Je ne vais pas parler du live-service dans cet article. Ce n'est pas le cas. Nous savons tous pourquoi beaucoup de joueurs le détestent, et pourtant, vous voyez un succès comme ARC Raiders et vous seriez aveugle de ne pas savoir pourquoi les développeurs et les éditeurs continueront à jouer, rêvant de leurs 15 millions d'exemplaires vendus et de leurs comptes de joueurs constants de 100k+. Ce cheval a été battu à mort et même si nous verrons peut-être Concord 3 avant Grand Theft Auto VI, il y a beaucoup d'autres tendances qui sont apparues dans les jeux ces dernières années et que nous devrions laisser mourir également.

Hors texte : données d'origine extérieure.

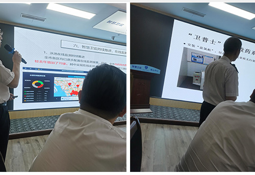 ? ? ? 為了能夠更好的將互聯網技術應用到泳池水質監管中,于2022年05月27日,下午深圳市各個區衛生監督部門,包括寶安、龍華、龍崗、南山、光明、羅湖、鹽田、大鵬等派了相關負責人,來到深圳灣體育中心游泳場館,實地考察及參觀指導學習衛普士水質在線監測系統。

Des mauvaises pratiques en matière de développement aux joueurs eux-mêmes qui doivent apprendre à se comporter, voici quelques-unes des pires tendances des jeux de ces dernières années que nous devons laisser derrière nous.
Chasser le dragon
Je ne parlerai toujours pas du service en direct ici, car même si les yeux de certains éditeurs deviennent des signes de dollars lorsqu'ils rêvent d'un nouveau hit hero shooter, de nombreux jeux dépensent aujourd'hui d'innombrables dollars en marketing pour vous dire à quel point ils sont comme un autre jeu qui a créé un précédent pour un genre. Ce n'est pas nécessairement un point de vue intéressant, mais je pense qu'il est presque embarrassant de voir combien de jeux ont été appelés Soulslikes au fil des ans, affichant fièrement le fait qu'ils essaient d'être comme les RPG de FromSoftware, tout en sachant qu'ils ne sont pas aussi bons.
Cette idée de poursuivre et d'essayer d'imiter le succès d'un meilleur produit fonctionne rarement. Si les dernières années dans le domaine des jeux ont prouvé quelque chose, c'est que les développeurs travaillent mieux lorsqu'ils se concentrent non pas sur le travail d'un autre grand studio, mais sur un jeu qui les passionne. Clair Obscur : Expedition 33 s'est inspiré de Sekiro, mais tu ne le vois pas s'approprier un décor japonais, y ajouter de la furtivité et un singe géant qui te lance ses propres excréments. S'inspirer, c'est bien ; il est presque impossible de créer quelque chose d'entièrement nouveau de nos jours, mais les tentatives désespérées de s'inspirer du succès des autres devraient cesser.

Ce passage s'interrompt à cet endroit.